[WHAT YOU ARE ASKED TO DO]: Exactly as written, output the lines below starting from the first and ending with the line that contains "in the review"; omit pictures.

[THE INPUT]:

"""

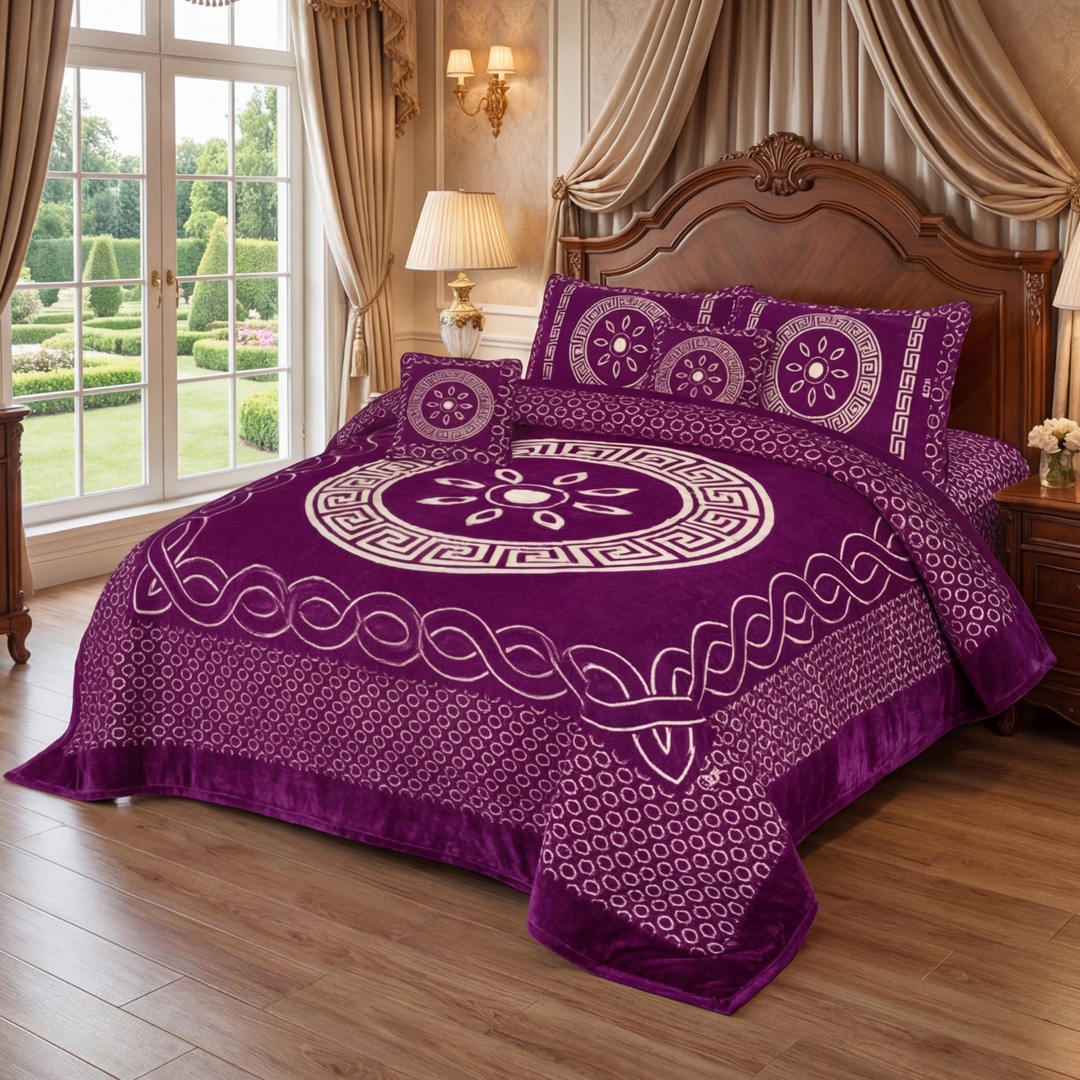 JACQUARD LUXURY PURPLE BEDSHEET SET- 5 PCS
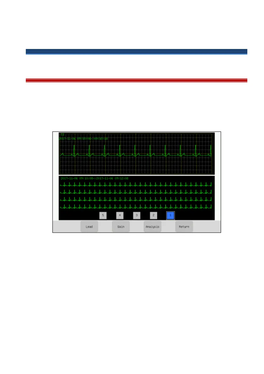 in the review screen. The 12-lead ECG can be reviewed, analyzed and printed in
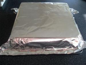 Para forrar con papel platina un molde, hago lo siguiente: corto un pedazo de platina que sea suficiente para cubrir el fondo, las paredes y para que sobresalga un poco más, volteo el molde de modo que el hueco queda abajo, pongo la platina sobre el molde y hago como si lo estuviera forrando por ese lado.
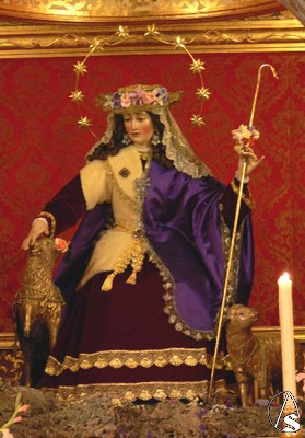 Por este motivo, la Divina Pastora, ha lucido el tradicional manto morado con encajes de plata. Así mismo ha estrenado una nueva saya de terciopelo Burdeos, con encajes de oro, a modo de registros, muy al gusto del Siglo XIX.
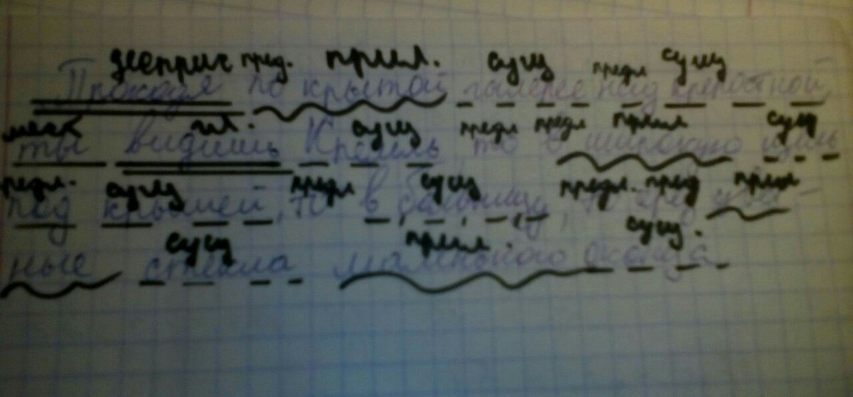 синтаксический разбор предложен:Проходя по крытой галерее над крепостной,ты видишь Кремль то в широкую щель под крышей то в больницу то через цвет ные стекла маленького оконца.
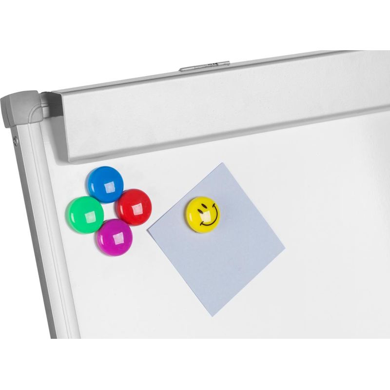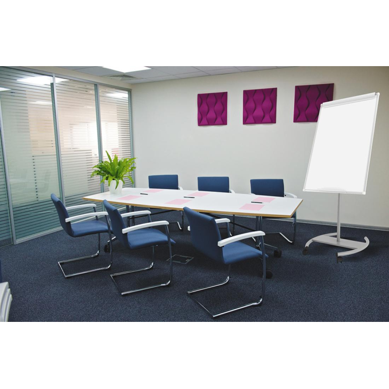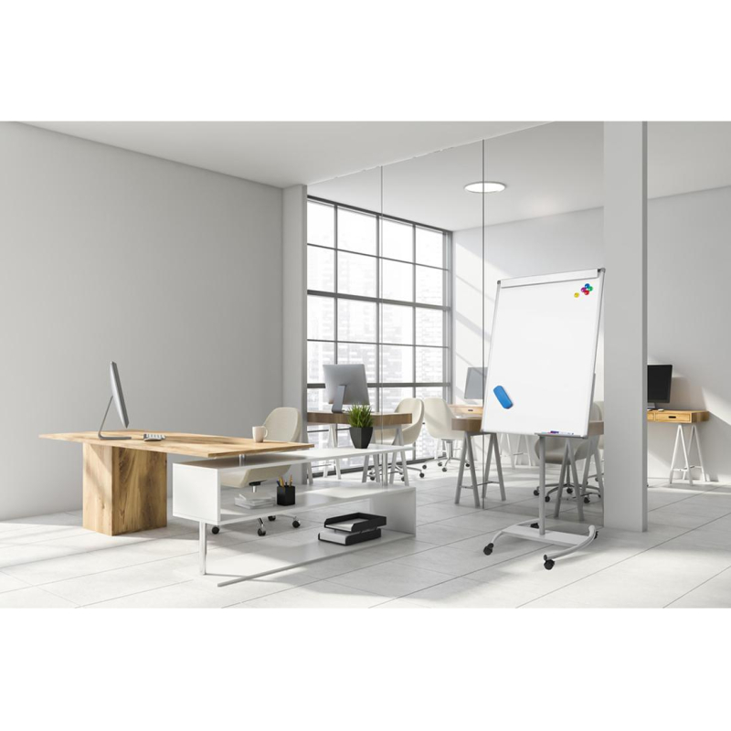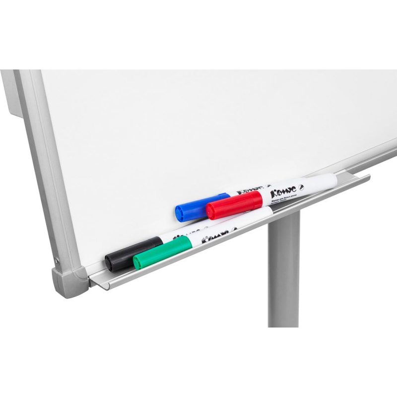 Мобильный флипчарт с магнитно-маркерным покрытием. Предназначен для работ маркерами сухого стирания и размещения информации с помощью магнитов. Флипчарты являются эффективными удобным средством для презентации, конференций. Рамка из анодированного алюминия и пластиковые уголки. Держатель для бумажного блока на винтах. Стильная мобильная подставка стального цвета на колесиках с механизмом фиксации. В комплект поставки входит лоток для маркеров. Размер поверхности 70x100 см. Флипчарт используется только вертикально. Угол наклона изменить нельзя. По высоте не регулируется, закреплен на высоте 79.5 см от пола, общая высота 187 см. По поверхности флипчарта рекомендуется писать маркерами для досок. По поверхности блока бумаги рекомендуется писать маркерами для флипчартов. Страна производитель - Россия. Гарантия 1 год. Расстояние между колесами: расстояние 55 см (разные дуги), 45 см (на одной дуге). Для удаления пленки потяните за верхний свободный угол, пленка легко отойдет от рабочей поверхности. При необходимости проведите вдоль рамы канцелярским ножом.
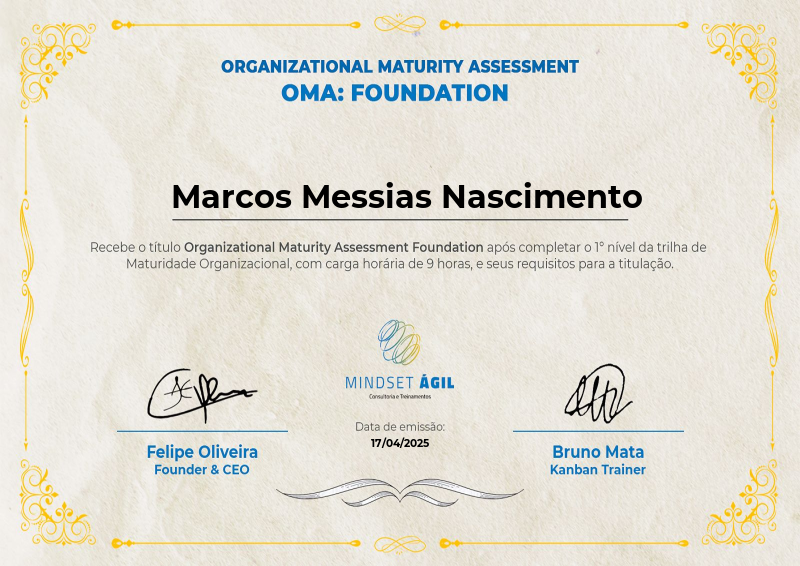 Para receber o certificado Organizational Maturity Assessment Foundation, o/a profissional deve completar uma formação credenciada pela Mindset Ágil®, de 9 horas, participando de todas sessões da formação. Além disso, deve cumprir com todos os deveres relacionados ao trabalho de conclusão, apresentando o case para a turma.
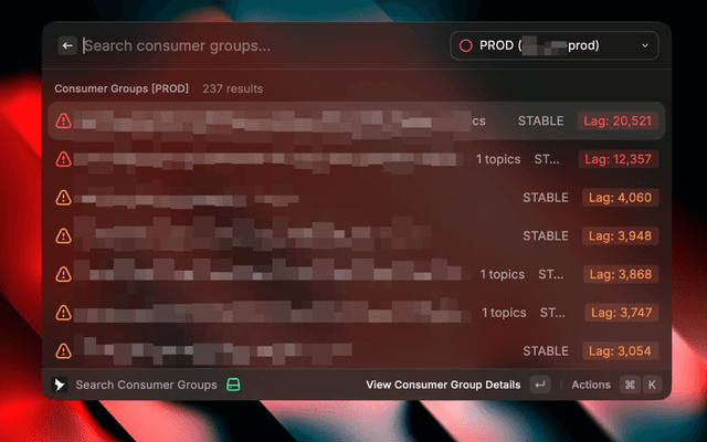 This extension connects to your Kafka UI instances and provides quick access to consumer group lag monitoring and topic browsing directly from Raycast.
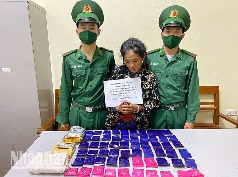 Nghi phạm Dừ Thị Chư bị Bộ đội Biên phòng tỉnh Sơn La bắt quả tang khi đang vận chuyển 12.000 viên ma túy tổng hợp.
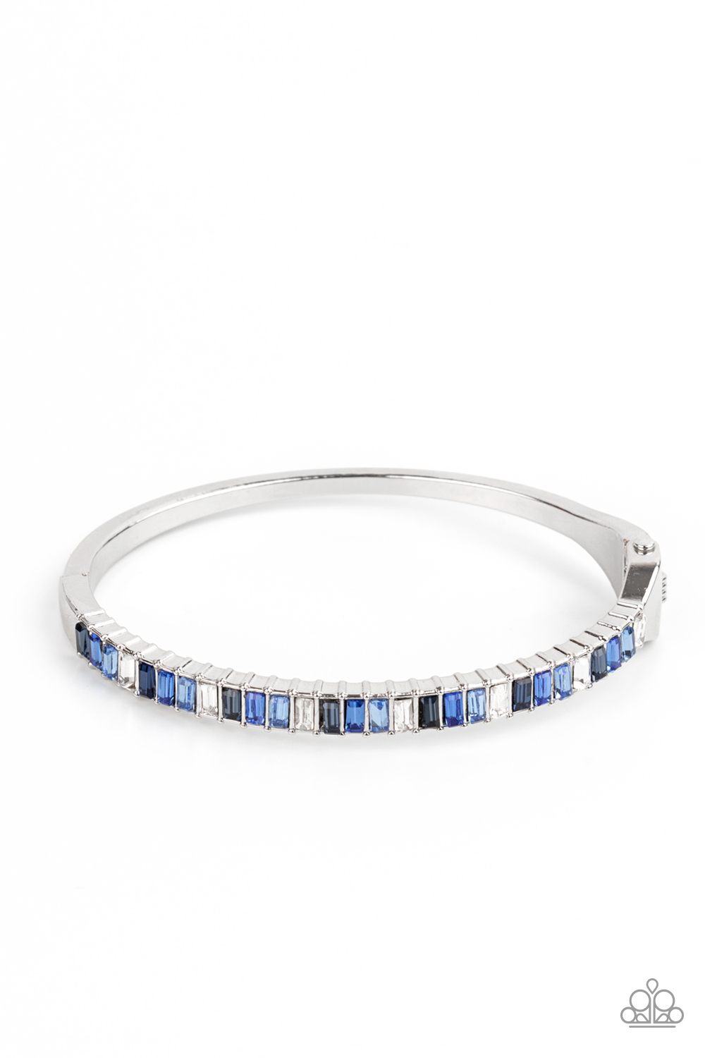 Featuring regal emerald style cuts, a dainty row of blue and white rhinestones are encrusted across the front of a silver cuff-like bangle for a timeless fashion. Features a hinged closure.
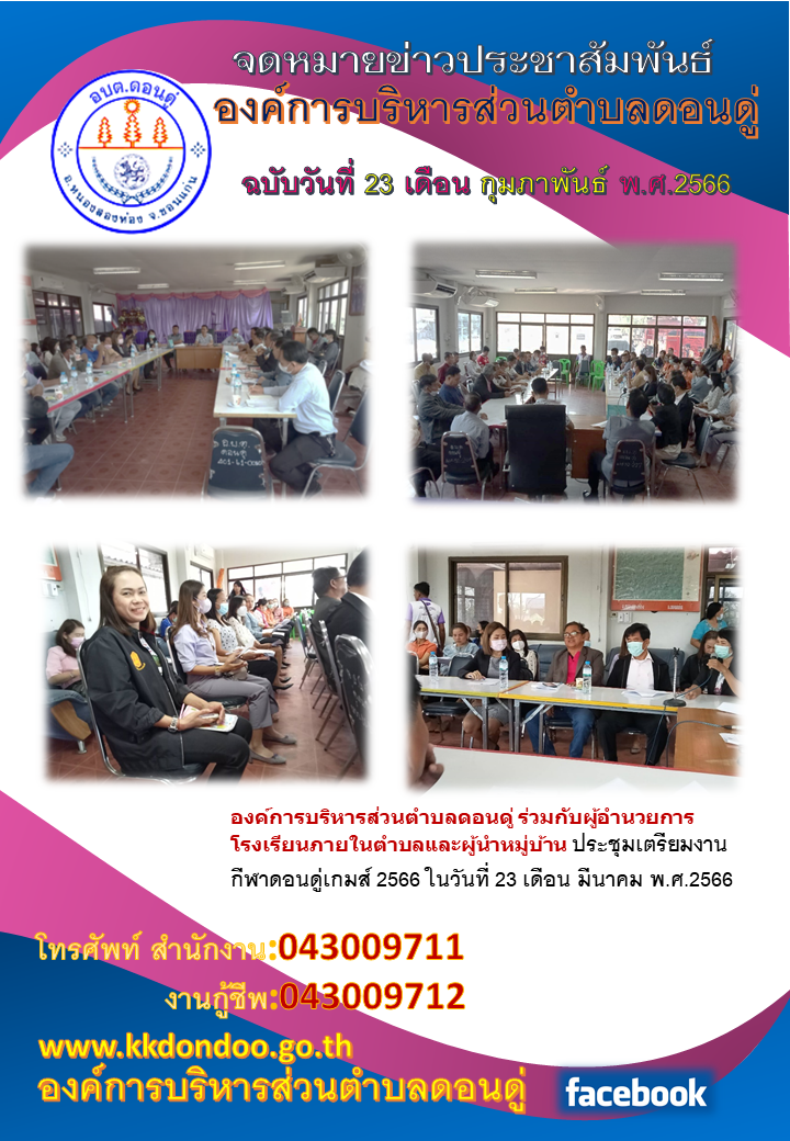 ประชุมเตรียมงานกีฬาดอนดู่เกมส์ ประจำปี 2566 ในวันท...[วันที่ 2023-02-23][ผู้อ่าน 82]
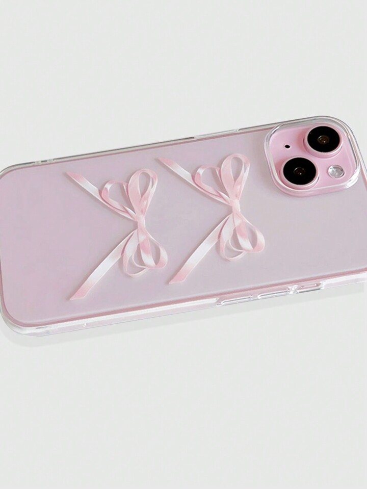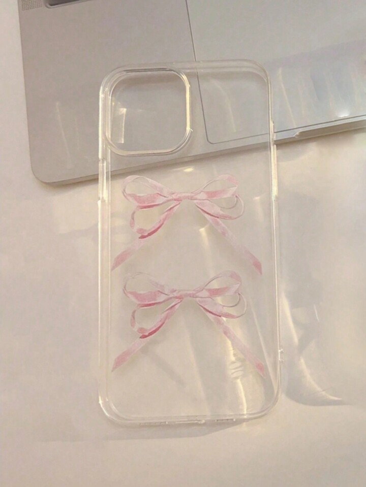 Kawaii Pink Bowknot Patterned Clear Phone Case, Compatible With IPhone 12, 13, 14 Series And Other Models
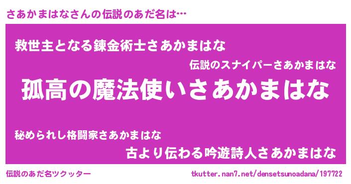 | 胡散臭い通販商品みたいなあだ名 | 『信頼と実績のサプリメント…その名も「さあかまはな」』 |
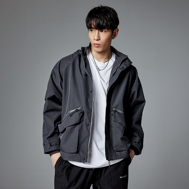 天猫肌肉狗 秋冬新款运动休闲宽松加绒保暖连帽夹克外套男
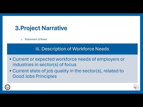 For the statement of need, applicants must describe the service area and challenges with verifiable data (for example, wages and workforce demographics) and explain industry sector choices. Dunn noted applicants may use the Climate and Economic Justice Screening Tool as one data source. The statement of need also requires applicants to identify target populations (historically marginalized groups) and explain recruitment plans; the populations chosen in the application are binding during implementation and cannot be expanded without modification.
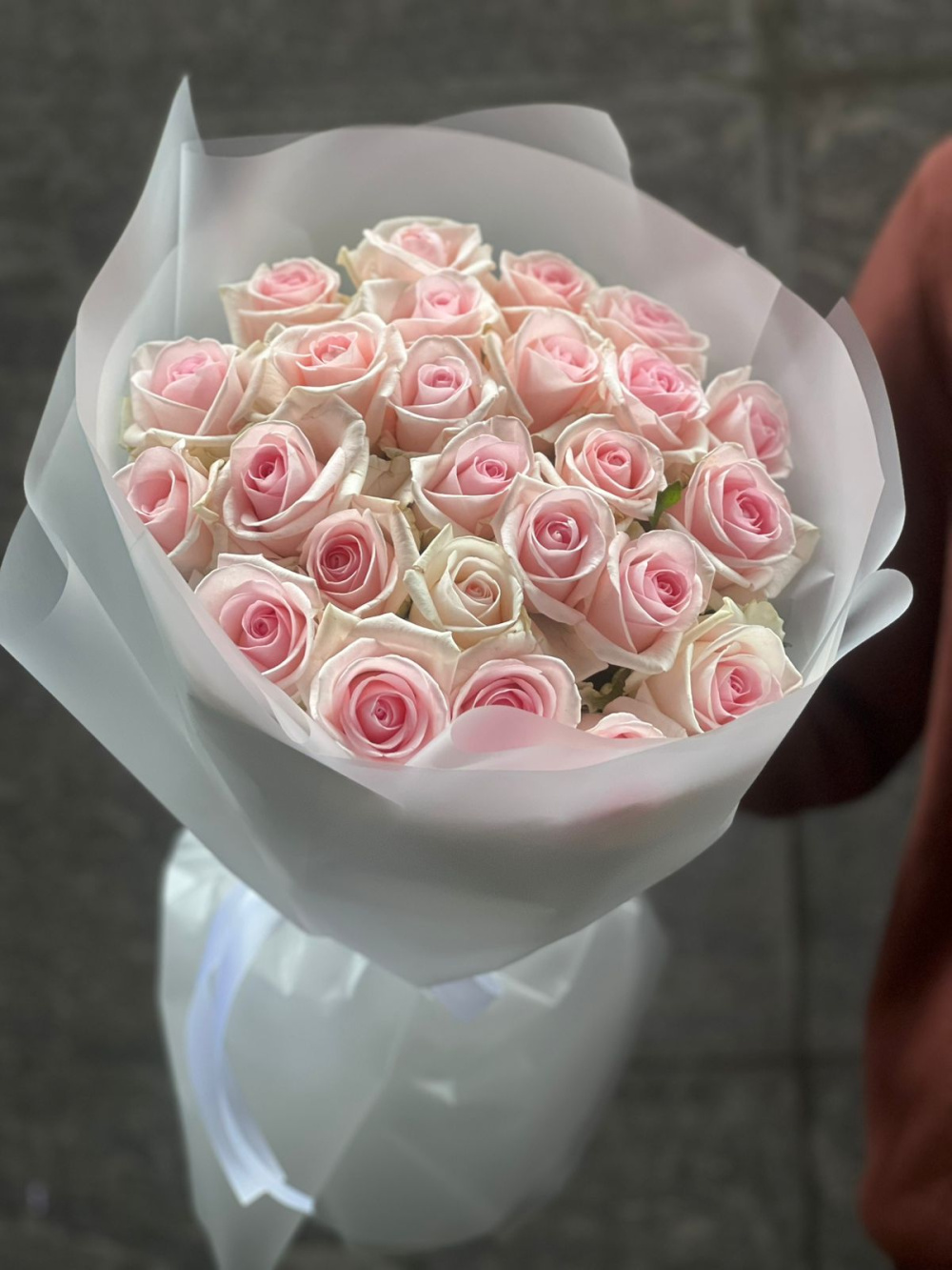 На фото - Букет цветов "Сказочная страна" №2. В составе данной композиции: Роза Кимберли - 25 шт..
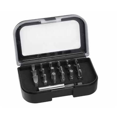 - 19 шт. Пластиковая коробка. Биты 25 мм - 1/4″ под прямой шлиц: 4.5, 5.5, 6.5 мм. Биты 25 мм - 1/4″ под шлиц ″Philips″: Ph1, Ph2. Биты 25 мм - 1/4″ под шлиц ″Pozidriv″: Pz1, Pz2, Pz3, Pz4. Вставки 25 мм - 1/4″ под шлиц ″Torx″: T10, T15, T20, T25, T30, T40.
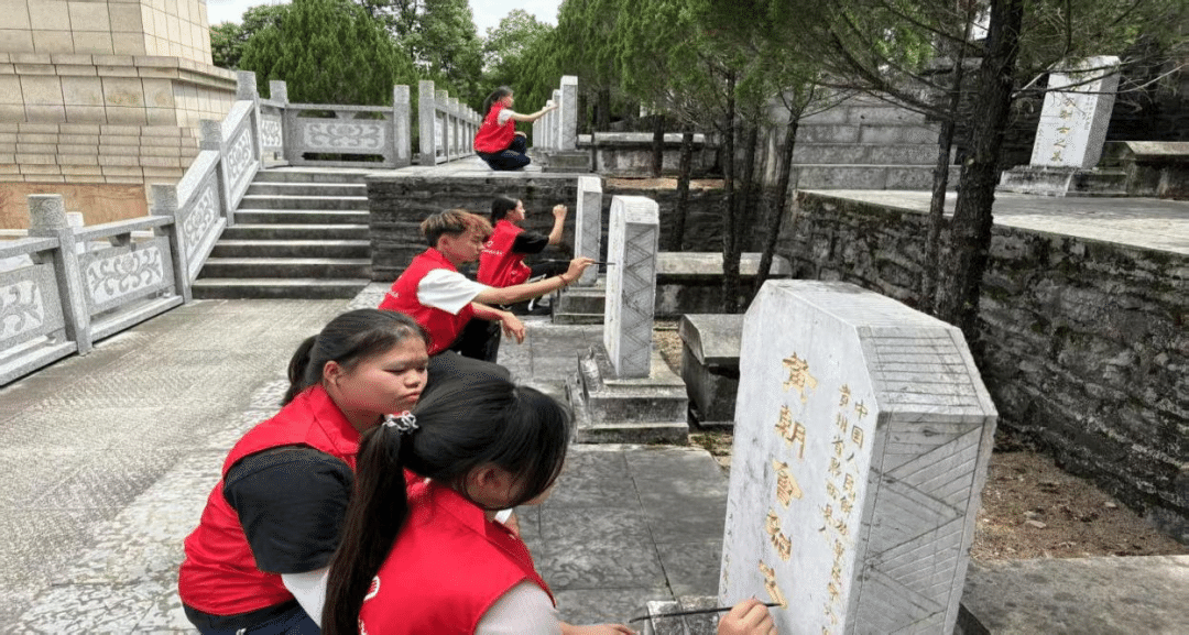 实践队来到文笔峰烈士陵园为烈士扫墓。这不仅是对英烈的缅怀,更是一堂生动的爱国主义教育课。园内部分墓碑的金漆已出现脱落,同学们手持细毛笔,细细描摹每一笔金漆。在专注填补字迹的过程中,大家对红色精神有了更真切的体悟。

"""

[OUTPUT]:
 JACQUARD LUXURY PURPLE BEDSHEET SET- 5 PCS
 in the review screen. The 12-lead ECG can be reviewed, analyzed and printed in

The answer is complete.